Ripensando alle immagini dei suoi 26 anni di pontificato, come non ricordare i momenti più significativi, mentre in mezzo alla folla abbraccia i bambini o i malati, inginocchiato sulla terra delle numerose nazioni che lo hanno visto pellegrino per il mondo, sorridente in mezzo alla natura delle sue amate montagne, gioioso ed esultante con i giovani nelle tante Giornate Mondiali della Gioventù, nelle quali li esortava a non avere paura... Ed ancora, prostrato davanti alle immagini della Vergine Maria: “Totus tuuus”. La Madonna, che lo salverà durante l'attentato che subirà nel 1981, in un momento che lo legherà alla profezia del terzo segreto di Fatima.

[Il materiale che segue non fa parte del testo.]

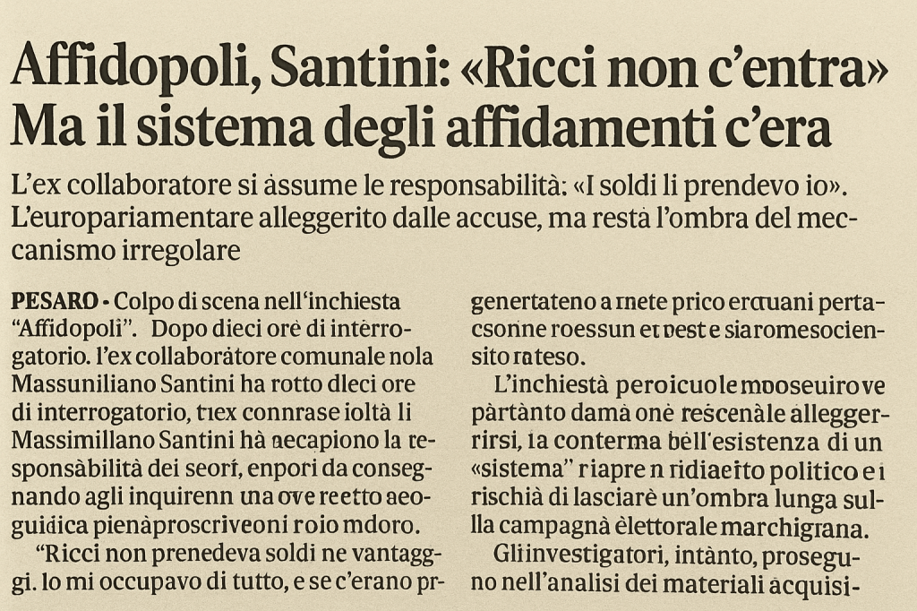 Pesaro – Colpo di scena nell’inchiesta “Affidopoli”. Dopo dieci ore di interrogatorio, l’ex collaboratore comunale Massimiliano Santini ha deciso di parlare. Davanti agli inquirenti ha scagionato l’ex sindaco e oggi europarlamentare Matteo Ricci, ma allo stesso tempo ha confermato l’esistenza di un sistema di affidamenti diretti che per anni avrebbe guidato alcuni appalti comunali.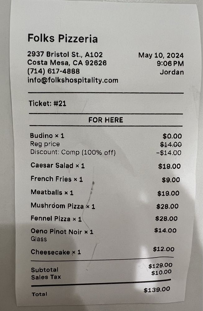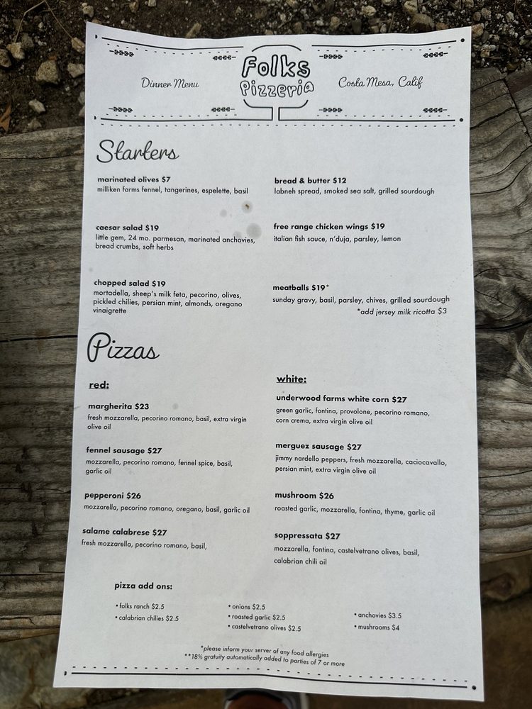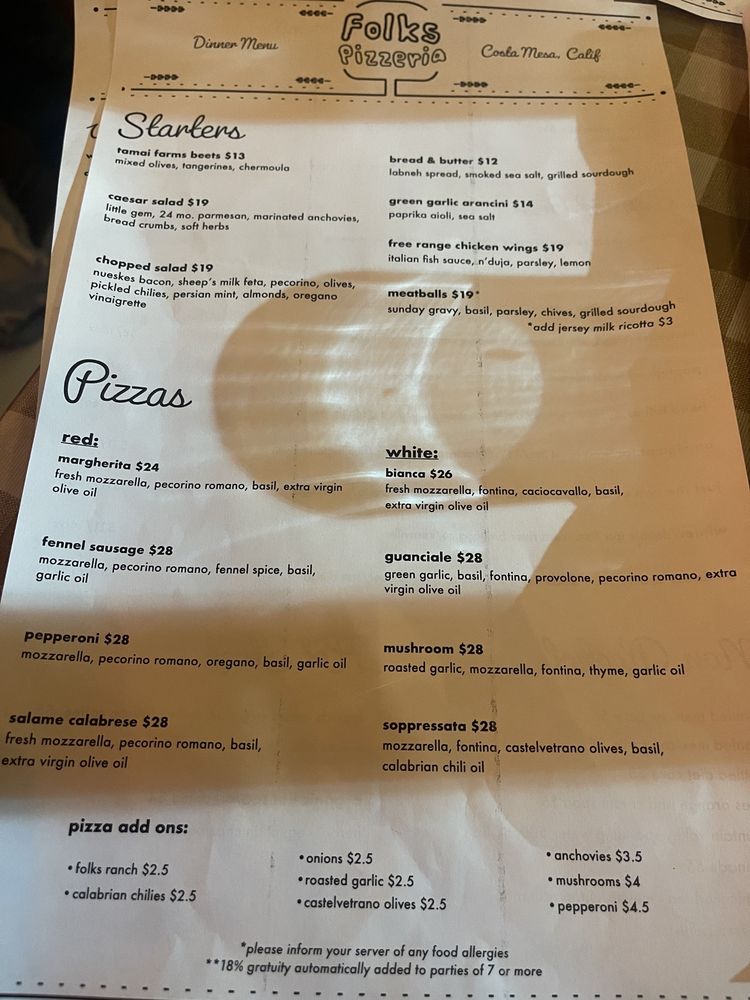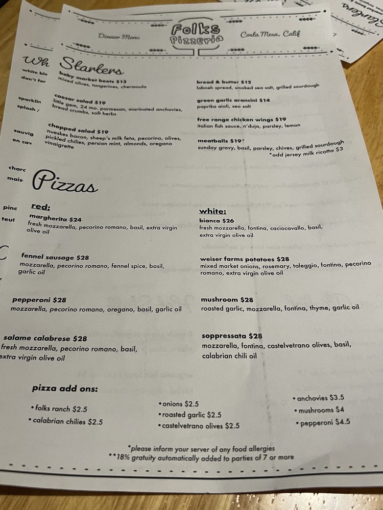 Folks Pizzeria offers a unique dining experience in Costa Mesa, CA, with a focus on delicious pizza and a cozy ambiance. The menu includes a variety of options, from classic pepperoni and mushroom pizzas to more unique choices like the soppressata or fennel sausage pizzas. Customers rave about the fluffy, airy, and bursting-with-flavor crust, as well as the fresh and high-quality ingredients used in each dish. The salads, such as the Caesar salad with crunchy bread crumbs, are also highlighted for their exceptional taste and creativity. Folks Pizzeria is a popular spot, so booking a reservation in advance is recommended. Whether you're looking for a casual dinner or a special date night, Folks Pizzeria is sure to impress with its delectable food and attentive service.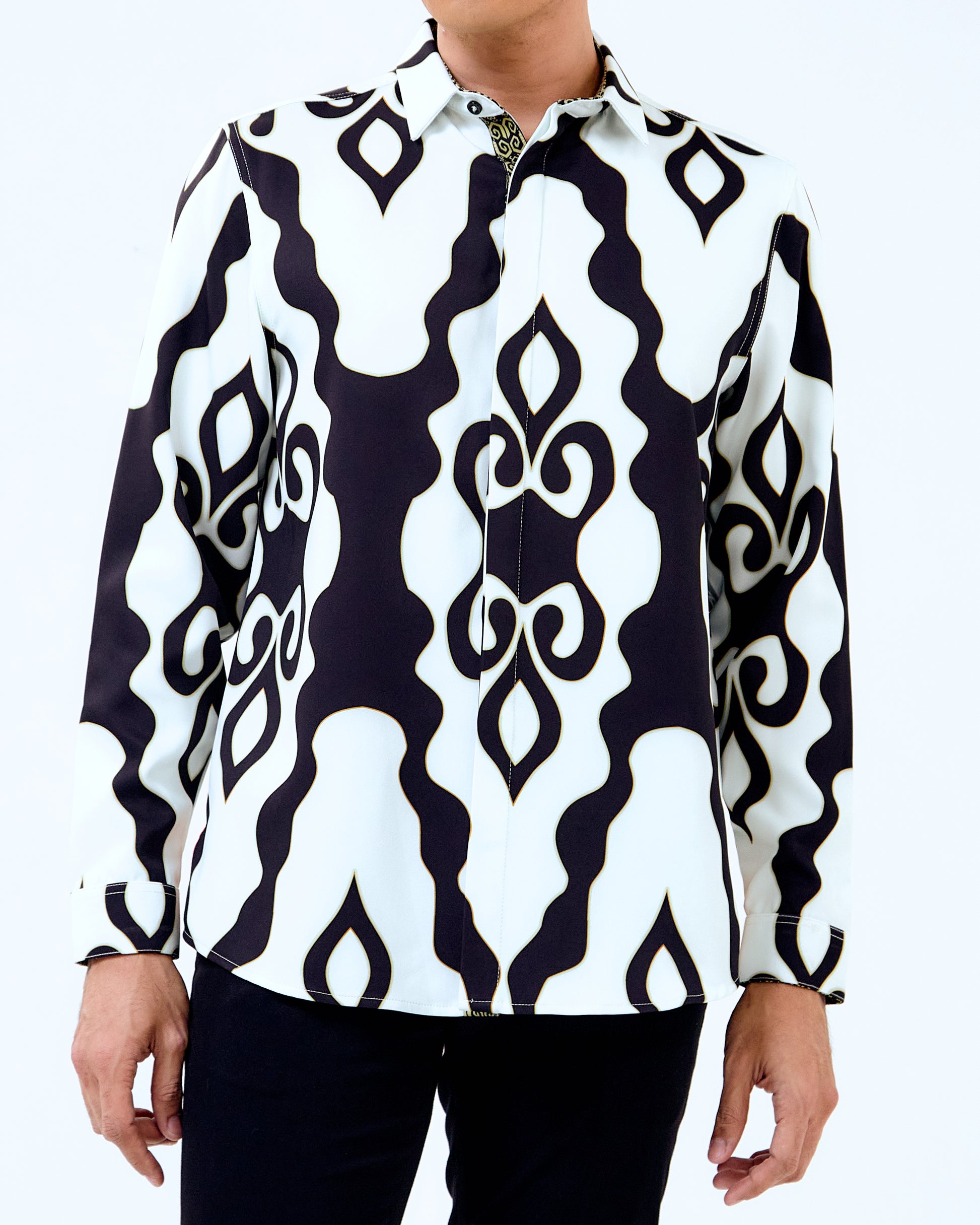 ∙ Printed collared shirt featuring the signature Tom Abang Saufi Mela Print.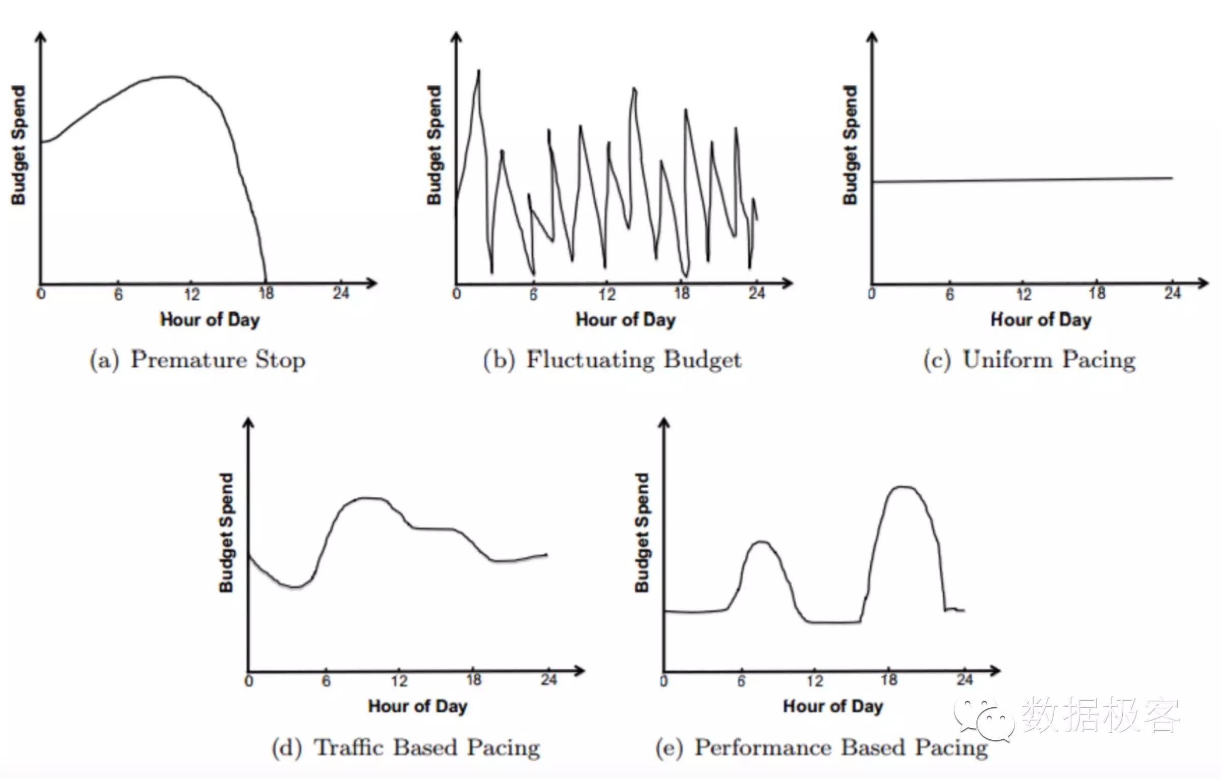 Pacing的做法还有很多,著名的DSP公司Turn在他们的文献中对此作了总结如下图,除了均衡pacing之外,还有根据流量以及效果进行的pacing策略。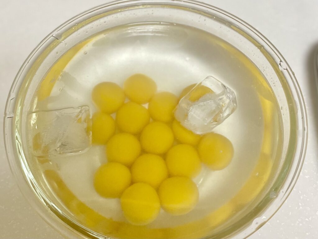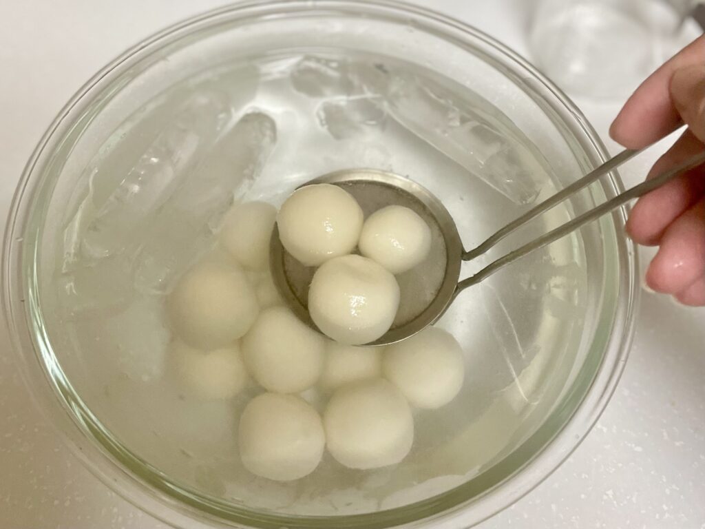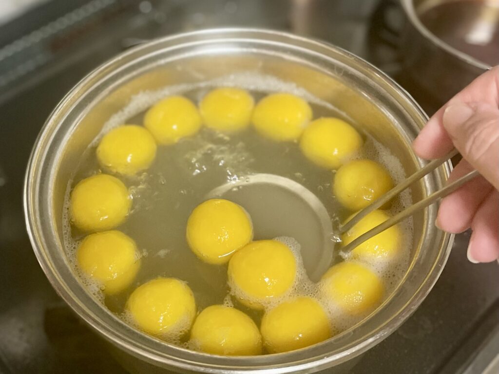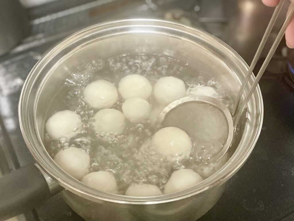 沸騰したお湯に入れ、浮いてきたらさらに2分ゆでる。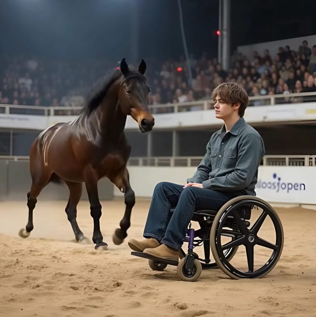 Zatímco diváci ohromeně sledovali, těžké dveře arény se pomalu otevřely. V tichu se objevil mladík na invalidním vozíku. Jistě se odrážel rukama, každý jeho pohyb byl plný odhodlání. Celý sál ztichl. Lidé nevěřili svým očím — jako by se čas zastavil. Když mladík zvedl pohled, atmosféra se změnila. V jeho očích bylo klid, jistota a síla, kterou slova nedokážou popsat. Všechno kolem ztuhlo — jako by svět čekal na něco velkého. Nikdo nevěděl, co přijde. Ani on ne. Ale všichni cítili — že se děje něco výjimečného.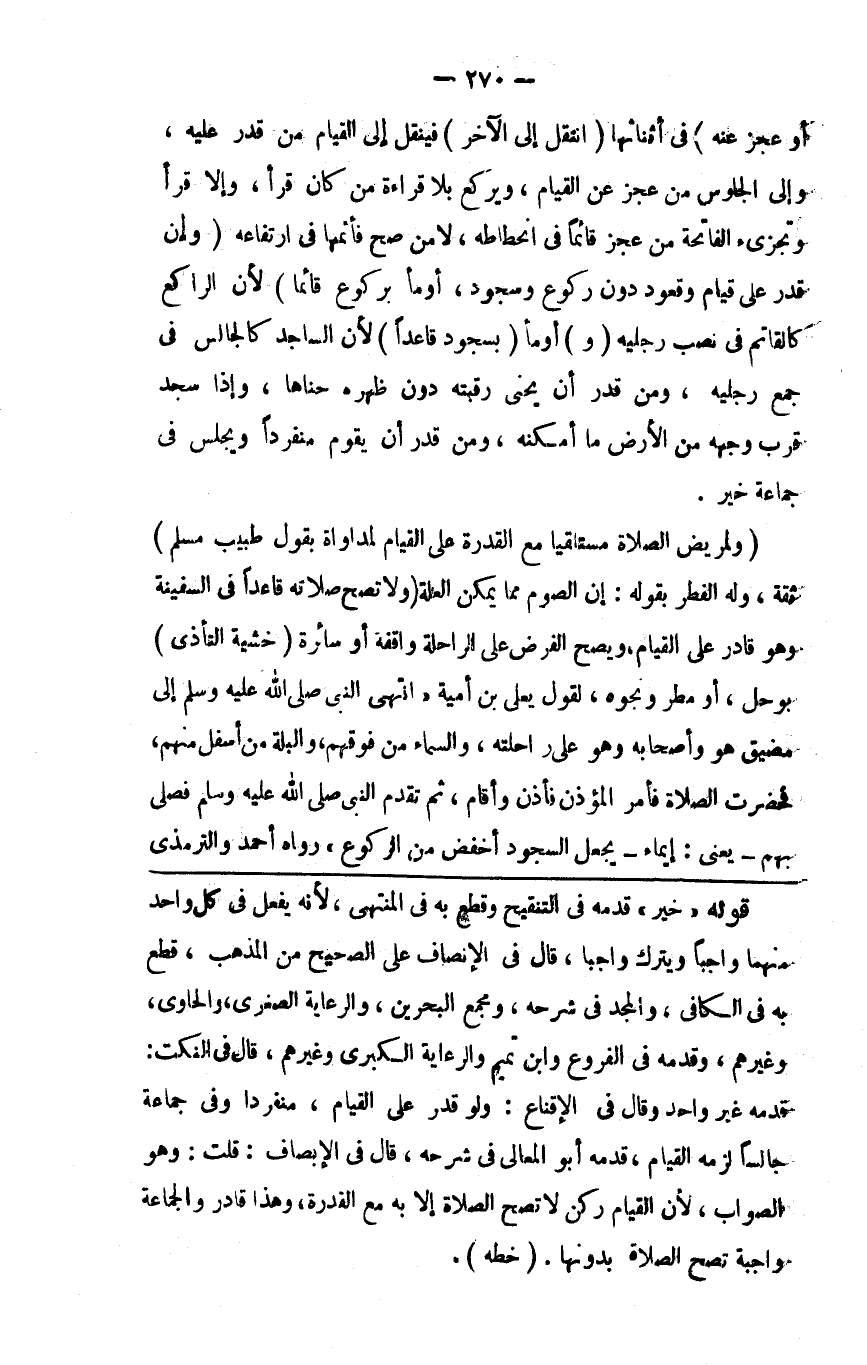 ( أو عجز ) عنه ( في أثنائها انتقل إلى الآخر ) فينتقل إلى القيام من قدر عليه وإلى الجلوس من عجز عن القيام ويركع بلا قراءة من كان قرأ وإلا قرأ وتجزئ الفاتحة من عجز فأتمها في انحطاطه لا من صح فأتمها في ارتفاعه ( وإن قدر على قيام وقعود دون ركوع وسجود أومأ بركوع قائما ) لأن الراكع كالقائم في نصف رجليه وأومأ ( بسجود قاعدا ) لأن الساجد كالجالس في جمع رجليه ومن قدر على أن يحني رقبته دون ظهره حناها وإذا سجد قرب وجهه من الأرض ما أمكنه ومن قدر أن يقوم منفردا ويجلس في جماعة خير ( ولمريض الصلاة مستلقيا مع القدرة على القيام لمداواة بقول طبيب مسلم ) ثقة وله الفطر بقوله إن الصوم مما يمكن العلة ( ولا تصح صلاته قاعدا في السفينة وهو قادر على القيام ) ويصح الفرض على الراحلة ) واقفة أو سائرة ( خشية التأذي ) بوحل أو مطر ونحوه لقول يعلى بن أمية انتهى النبي صلى الله عليه وسلم إلى مضيق هو وأصحابه وهو على راحلته والسماء من فوقهم والبلة من أسفل منهم فحضرت الصلاة فأمر المؤذن فأذن وأقام ثم تقدم النبي صلى الله عليه وسلم فصلى بهم يعني إيماء يجعل السجود أخفض من الركوع رواه أحمد والترمذي

Come dimenticare le istantanee degli ultimi anni della sua malattia, che lo ritraggono fragile e sofferente, aggrappato alla croce pastorale, ma comunque sorretto dalla forza immensa della fede... E quelle di tutta la folla, tra cui tantissimi i giovani, in piazza San Pietro, in lacrime nella sera del 2 aprile 2005, quando viene annunciato che il Papa è tornato alla casa del Padre. Un dolore, quello per la sua morte, che attraverserà tutto il mondo confluendo nel momento solenne dei suoi funerali quando, davanti alla bara con il Vangelo sfogliato dal vento, si eleverà un grido accorato e unanime: “Santo subito...!!”.